Qu'en pensez-vous, et souscrivez-vous à l'objectif que je viens d'énoncer ?

- Oui, certes. Et l'objectif d'une couverture sociale optimale conjuguée à un maximum d'indépendance est assez clair. Quant à l'atteindre...

Je pense qu'une telle visée requiert deux types de moyens. D'une part, il y faut un certain empirisme. Il faut transformer le champ des institutions sociales en un vaste champ expérimental, de manière à déterminer quelles sont les manettes à tourner, quels sont les boulons à desserrer ici ou là pour introduire le changement souhaité ; il faut effectivement engager une entreprise de décentralisation, par exemple, pour rapprocher les usagers des centres de décision dont ils dépendent et les associer aux processus décisionnels, évitant par là cette espèce de grande intégration globalisante qui laisse les gens dans une complète ignorance de tout ce qui conditionne tel ou tel arrêt. Il faut donc multiplier les expériences partout où c'est possible sur ce terrain particulièrement intéressant et important du social, considérant que tout un ensemble institutionnel, actuellement fragile, devra probablement subir une restructuration de fond en comble.

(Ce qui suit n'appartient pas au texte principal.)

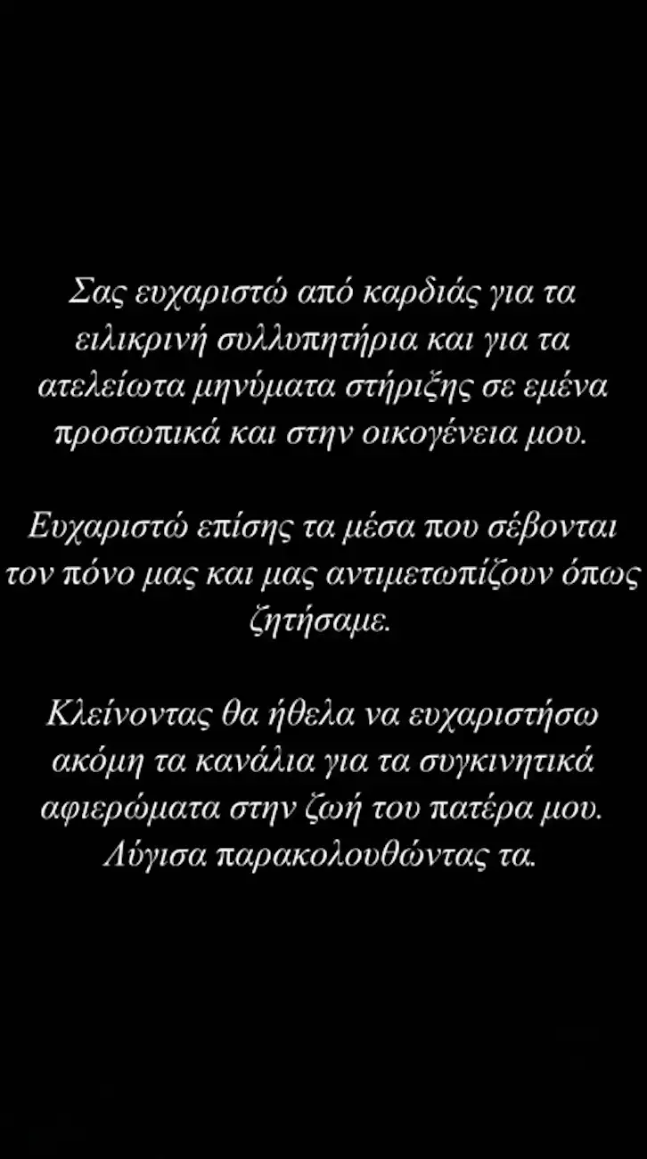 Ο Χρίστος Κούγιας έγραψε στο νέο του μήνυμα: «Σας ευχαριστώ από καρδιάς για τα ειλικρινή συλλυπητήρια και για τα ατελείωτα μηνύματα στήριξης σε εμένα προσωπικά και στην οικογένειά μου. Ευχαριστώ επίσης τα Μέσα που σέβονται τον πόνο μας και μας αντιμετωπίζουν όπως ζητήσαμε».

D'autre part, et c'est un point nodal, il y aurait un travail considérable à faire pour rénover les catégories conceptuelles qui inspirent notre manière d'aborder tous ces problèmes de garanties sociales et de sécurité. Nous développons une pensée qui s'organise encore à l'intérieur de cadres mentaux formés entre 1920 et 1940, essentiellement sous l'influence de Beveridge *, un homme qui serait aujourd'hui plus que centenaire.

* Lord William Henry Beveridge (1879-1963), économiste et administrateur anglais, auteur d'un plan de Sécurité sociale (1942).

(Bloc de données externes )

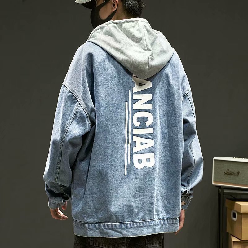 찢어진 데님 재킷 남자 10 대 한국 스타일 유행 탑 옷 일본식 홍콩 스타일 느슨한 중학생 후드 자켓스토어 가기
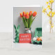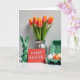 This greeting card shows a spring tabletop scene set against a bright white background, arranged with a calm, close-together feel like friends leaning in for a photo. On the left sits a glossy green ceramic bunny with upright ears and a relaxed face 🐰. Just beside it, a red card stands upright with a short Easter message centred in small white letters, drawing your eye like a quiet note passed between loved ones. Behind them, a bouquet of tulips rises from a fluted silver vase, with petals shifting from orange to soft yellow and green stems filling the space with fresh colour 🌷. On the right, a pale green carton holds decorated eggs, mixing black dots, orange spots, and simple stripes that look carefully chosen rather than rushed. Soft, diffuse light smooths the surfaces and adds gentle highlights to the ceramic, the vase, and the egg shells, keeping the arrangement tender and inviting. The eggs sit snugly in the carton, each pattern clearly visible against the pastel green edges.

Pour l'instant, nous manquons donc totalement d'instruments intellectuels pour envisager en termes neufs la forme sous laquelle nous pourrions parvenir à ce que nous cherchons.

- Pour illustrer peut-être cette caducité des cadres mentaux dont vous parlez, n'y aurait-il pas une étude linguistique à faire sur le sens du mot « assujetti » dans le langage de la Sécurité sociale ?

- Absolument ! Et la question se pose de savoir comment faire pour que la personne ne soit plus un « sujet » au sens de l'assujettissement...

Quant au déficit intellectuel que je viens de souligner, on peut se demander à présent quels sont les foyers d'où pourront sortir des formes d'analyse nouvelles, des cadres conceptuels nouveaux.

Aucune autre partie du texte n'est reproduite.